Lumber Exporters Say Continued Collection of CVD Cash Deposits Violates CIT Order
Various companies that were originally excluded from an expedited countervailing duty review on Canadian softwood lumber asked the Court of International Trade to clarify that they're due refunds of CVD cash deposits (Committee Overseeing Action for Lumber International Trade Investigations or Negotiations v. United States, CIT # 19-00122).
The companies asked CIT to clarify its instruction to CBP to "discontinue ... the collection of" cash deposits on entries made before a prior CIT decision, which said it wasn't equitable to subject the companies' exports to the CVD order. The excluded parties asked the court to make clear that its order "includes the obligation to promptly refund all countervailing duty cash deposits" collected on exports from the parties and entered on or after Aug. 28, 2021, with interest.

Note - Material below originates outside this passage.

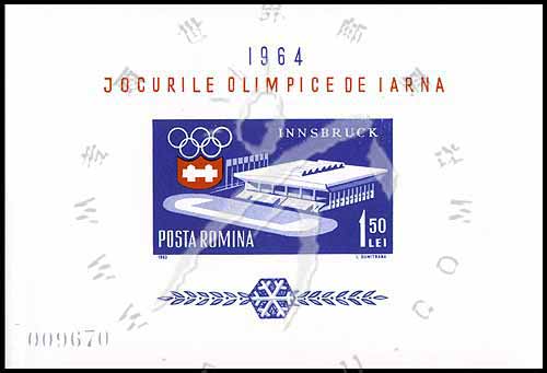 Sc#1597SS 因斯布鲁克第9届冬奥会徽及体育馆无齿小型张1.5I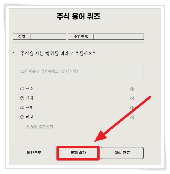 5. 문제를 작성하였다면 "문제 추가"를 통해 다른 문제를 추가하실 수 있습니다.

Most recently in the case, the trade court remanded the expedited review for Commerce to review its decision not to attribute subsidies received by lumber suppliers to respondents (see 2404230031). The case had returned to CIT after the U.S. Court of Appeals for the Federal Circuit reversed the trade court's finding that expedited CVD reviews are not allowed under U.S. law (see 2304250061).
After the CAFC made this decision, CIT said it wasn't equitable to subject exporters who were originally excluded from the CVD order in the expedited review to "the consequences" of the order. The trade court told the U.S. to stop collecting CVD cash deposits on shipments made on or after Aug. 28, 2021.
Despite this order, the excluded companies said the U.S. "continues to withhold its collection of millions of dollars’ worth of CVD cash deposits previously obtained from the Originally Excluded Parties." The exporters said these are funds "to which courts have established Defendant is not entitled."
The excluded parties asked the trade court to "revise the language of the Order accompanying" its prior decision to "clarify Defendant’s obligation to restore the status quo ante by refunding the millions of dollars’ worth of deposits that Defendant would never have obtained but for the Originally Excluded Parties’ temporary reinstatement under the CVD Order."
Should the court find that it's unable to grant this request, the excluded parties claimed, the "same considerations that made it inequitable" to subject the companies to the CVD order "apply equally to Defendant's retention of CVD cash deposits." The continued collection of the deposits has a "direct and inequitable" effect and amounts to a preliminary injunction that the trade court originally denied, the brief said.